– Не говори глупостей! Придет же такое в голову…

– Ну как ты можешь знать?

– Я же чувствую.

– Не представляю, что там можно чувствовать.

– Вам этого не понять, – улыбнулась Таня.

– Занято.

– У вас же к этому отношение… потребительское. Пусть уж лучше он там едет. Теплее, да и места занимать не будет…

Бориса все больше раздражало ее спокойствие. Он молчал и только время от времени набирал номер.

– Занято.

– Понимаешь, мы поедем в обыкновенном вагоне, а он вроде в мягком, да?
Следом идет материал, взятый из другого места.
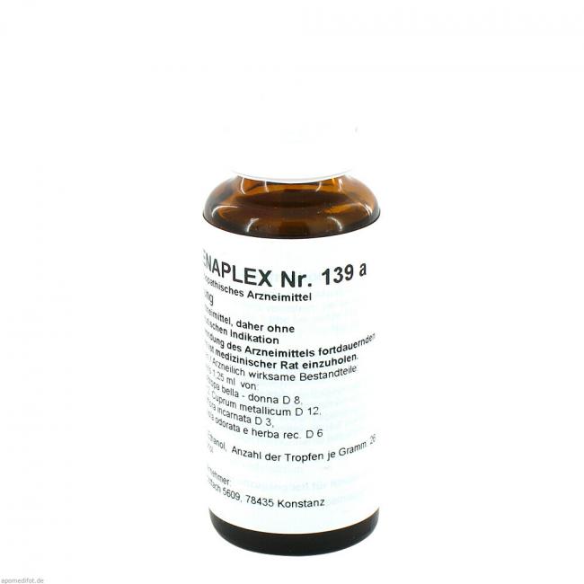 REGENAPLEX Nr.139 a. Anwendungsgebiete: Registriertes homöopathisches Arzneimittel, daher ohne Angabe einer therapeutischen Indikation. Warnhinweis: Enthält 50 Vol.-% Alkohol.
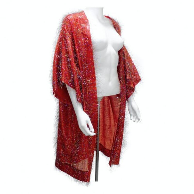 Яркая широкая накидка с блестящей нитью люрекса. Плечи опущены. Длина - 98 см. Рукав: ширина - 33 см, длина - 25 см.
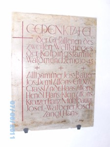 Gedenktafel der Gefallenen des zweiten Weltkrieges der Kolpingfamilie Waldmünchen 1939 – 1945
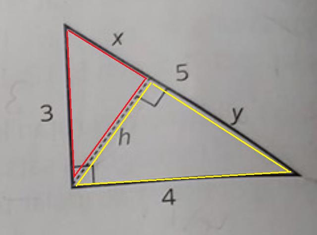 Ett alternativ är att konstatera att de båda trianglarna som bildas är likformiga med den stora.
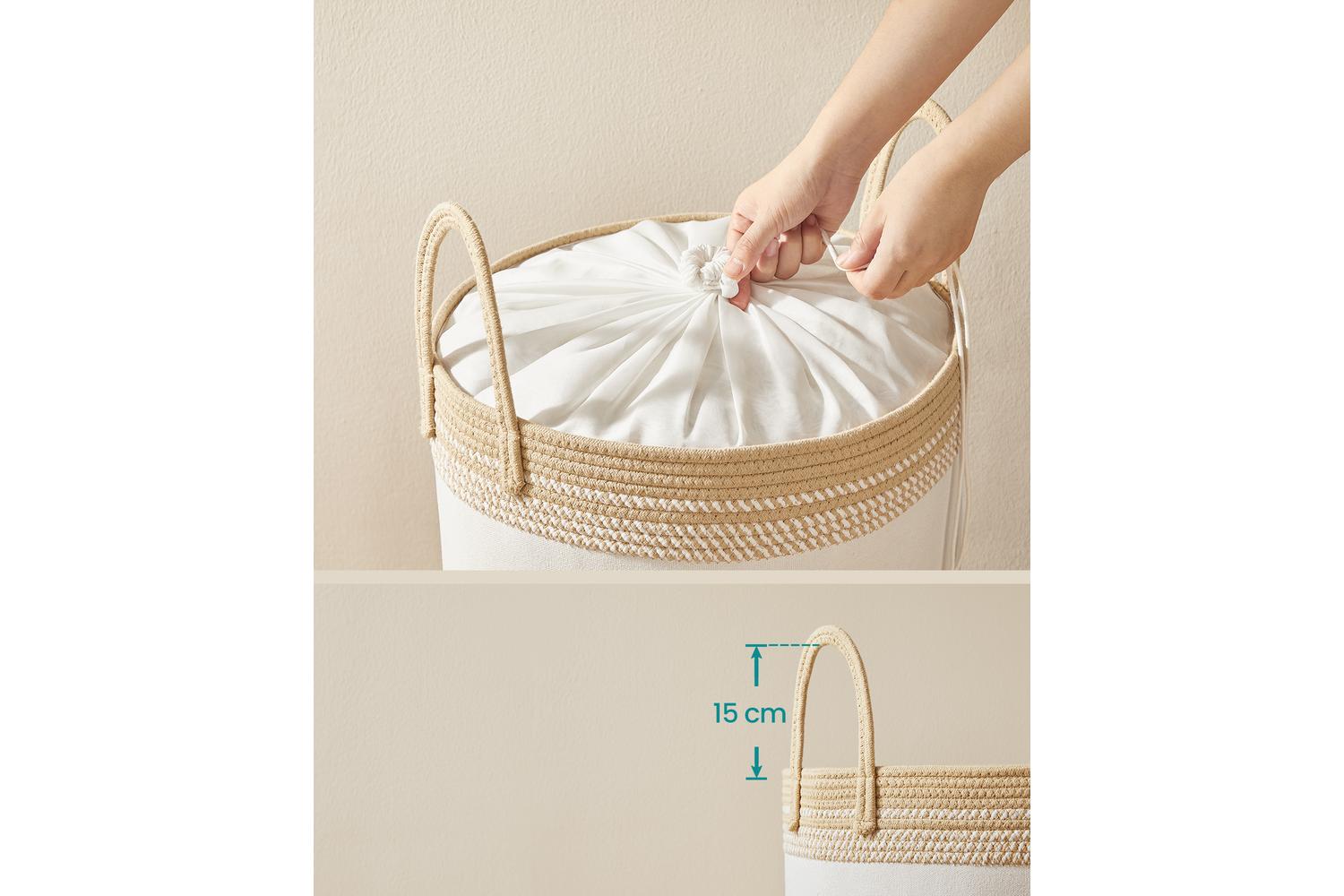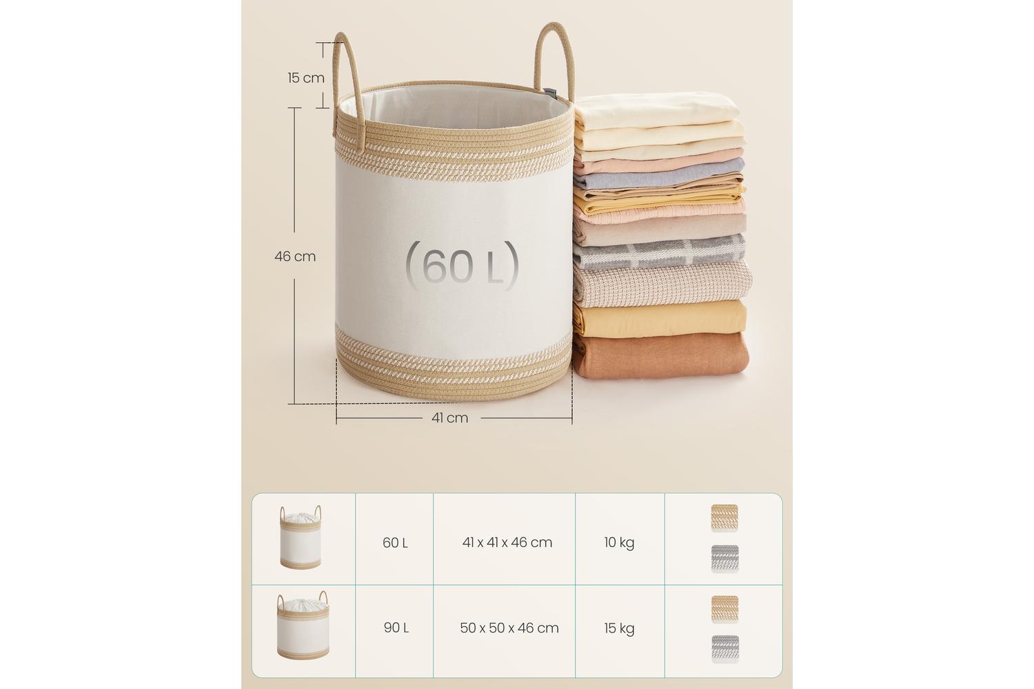 Transform your laundry routine with the SONGMICS Laundry Basket, designed for Irish homes that value both practicality and style. This free-standing laundry hamper is crafted from thickened 2.5mm fabric and sturdy cotton ropes, ensuring it remains stable and upright even when empty. The breathable material keeps your clothes fresh, while the robust construction guarantees long-lasting use, making it an essential addition to any bedroom, bathroom, or utility room.

– Алло! – громко сказал Борис. – Справочная?.. Девушка, скажите, в девять сорок поезд на Тымовское пойдет?.. Точно?.. Спасибо.

– Ну что?

– Скоро посадка начнется.

Борис хотел добавить еще что-то, но налетел порыв ветра, и комната наполнилась воем. Стекла дрожали, грозя каждую секунду осыпаться мелкой крошкой.

ФИНИШ… НАДЕЖДА.. ЖЕНЩИНА… Дина надела голубой свитер, теплые спортивные брюки, высокие сапоги на «молниях» и, отбросив штору от окна, бегло осмотрела себя в темном стекле. Потом принесла из ванной небольшое зеркало, косметику и села к столу. Все эти тюбики, карандашики, кисточки рождали в ней смешанное чувство надежды и безнадежности. Решившись, Дина с опаской взглянула на себя в зеркало. Из деревянной рамки на нее смотрела в общем-то молодая женщина с голубыми глазами, в которых давно обосновалось разочарование и в самом уголке – вызов… Ну и что, мол? Ну и что?! Дина почти с мстительным наслаждением отметила и подозрительно мягкий подбородок, и не очень-то веселое выражение…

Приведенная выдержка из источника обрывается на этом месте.